3 FOLHA RURAL & INFORMATIVO COOPEMAR

3.4 Títulos que fazem a história

3.4.9 Utilidade política

Veículos de comunicação sempre foram vinculados ao uso político que deles se

faz. No caso da imprensa cooperativista, não há diferença. Essa categoria reúne textos sobre

política, no sentido mais restrito do termo: ocasiões em que os jornais foram usados em

campanhas internas ou externas, a favor de candidatos ou nomeações, em críticas ou elogios

ao poder público. O período selecionado foi rico enquanto cenário para manifestações

políticas: além da sucessão para a presidência da República e nomeação do novo ministro da

Agricultura, a Cooxupé preparava o processo para a escolha do novo presidente, o primeiro a

substituir Isaac Ferreira Leite.

Tratando-se de política interna, o Informativo Coopemar revela-se mais sutil,

sem grandes apelos em favor dos dirigentes. Mas essa aparente imparcialidade pode ser fruto

do próprio contexto no período avaliado: não havia nenhuma situação de disputa, como na

Cooxupé. A Folha Rural foi um dos suportes adotados pela diretoria da Cooxupé na sucessão

interna. Apesar da chapa única, o presidente valeu-se do editorial para fazer campanha a favor

“de membros que tenham, como prioridade, manter a estabilidade da Cooperativa”.
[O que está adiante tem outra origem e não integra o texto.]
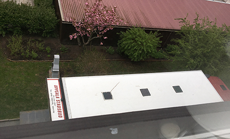 Stadsbudsbil utanför köksfönstret

No editorial de março de 2003, intitulado “Presidente da Cooxupé coordena

sucessão”, o dirigente afirma que os cooperados podem “ficar tranqüilos” pois não haverá

disputa pelo poder na Cooxupé ocorreu em 1995, quando Isaac Ferreira Leite venceu com

80% dos votos. E ele aproveita este espaço para mostrar, com números, como a Cooxupé

cresceu de 1995 a 2003. Outras situações de auto-promoção que conferem status político aos

dirigentes serão apresentadas no próximo tópico.

Antes, porém, convém evidenciar as relações políticas externas à cooperativa. No

âmbito municipal, o Informativo Coopemar patenteava as relações amistosas entre a

cooperativa e a prefeitura. De acordo com François Regis Guillaumon, os últimos três

secretários municipais de agricultura foram indicados pela cooperativa. Entre 2002 e 2003,

Heleno Gual Nabão acumulava essa função pública com a de diretor administrativo da

Coopemar e essa condição era sempre enunciada nas matérias em que o dirigente era

entrevistado.

O bom relacionamento com o poder público municipal manifestava-se ainda no

espaço aberto para a publicação de fotos e depoimentos do prefeito de Marília, Abelardo

Camarinha (PMDB), e dos vereadores que prestigiavam os encontros e festas agrícolas

promovidas pela cooperativa. Um projeto de lei em que a Câmara Municipal concedia o título

de Cidadão Mariliense ao presidente da Coopemar selava essa conduta editorial. Uma análise

mais aprofundada sobre essa homenagem será elaborada adiante.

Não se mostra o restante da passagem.